Google's Knowledge Graph (you know, the thing that shows you movie ratings and restaurant hours in the search sidebar) is basically the semantic web, built by a trillion-dollar company. Launched in 2012 with the tagline "things, not strings," it quickly grew to hundreds of millions of entities. Not exactly the open, decentralized dream Tim Berners-Lee had in mind. But it works.

And Then LLMs Made It Easier

Here's my actual hot take: the semantic web didn't fail because the idea was wrong. Structured, queryable data is powerful. It failed because it needed humans to do the structuring, and humans are lazy (see above).

LLMs (Large Language Models — the AI systems behind ChatGPT and similar tools) mostly solve the one thing that killed the whole project.

You can point an LLM at a janky restaurant website — hours buried in a photo, menu in a PDF, address in a Google Maps iframe — and it'll extract structured data. Not because anyone tagged anything. Because the model has seen enough restaurant websites in its training data to predict where the relevant information probably is.

Think about what the semantic web actually needed. Every doctor's office publishing specialties and insurance and availability in structured format. Every restaurant tagging menu items with ingredients and allergens. Every event with proper time and location metadata.

Nobody was going to do that. That was always the fantasy.

But an LLM can crawl the site and make a decent guess. "This is probably a dermatologist in Saarbrücken, looks like it takes AOK and TK, seems to have slots Thursday." Not perfectly every time, but well enough. At scale. Without asking anyone to write XML.

Ontology Wars Were Never the Real Problem

The other thing that killed adoption was everyone fighting about vocabularies. Should reviews go under hasReview or reviewedBy? The W3C spent years trying to standardize this stuff. The real world did not cooperate.

LLMs don't solve this by finding the one true vocabulary. They solve it by understanding context. A field labeled "size" on a sewing pattern page means something different than "size" on a shoe store.
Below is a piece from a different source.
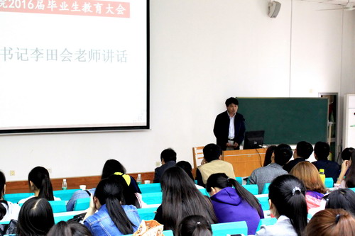 5月27日下午,我院在文津楼四段202教室召开2016届毕业生教育大会。经理吉国兴、党委书记李田会、副书记崔创及2016届全体毕业生参会,会议由本科毕业生辅导员刘文聪主持。

The model can figure that out from the surrounding page, not just the schema. Ten websites describing the same thing ten different ways? The model can probably normalize it, most of the time, because it's reading the whole page not just the tags.

So What?

Berners-Lee's 2001 paper imagined software agents that could collect content from all over the web and actually understand what they were finding.

In 2026, that's... basically normal. The semantic web isn't dead. It just needed different workers — LLMs that could populate the structured data that humans never would.

The semantic web is sort of here. It just doesn't look like anyone expected.


I'm not a semantic web historian, just someone who's been thinking about how LLMs change what's possible.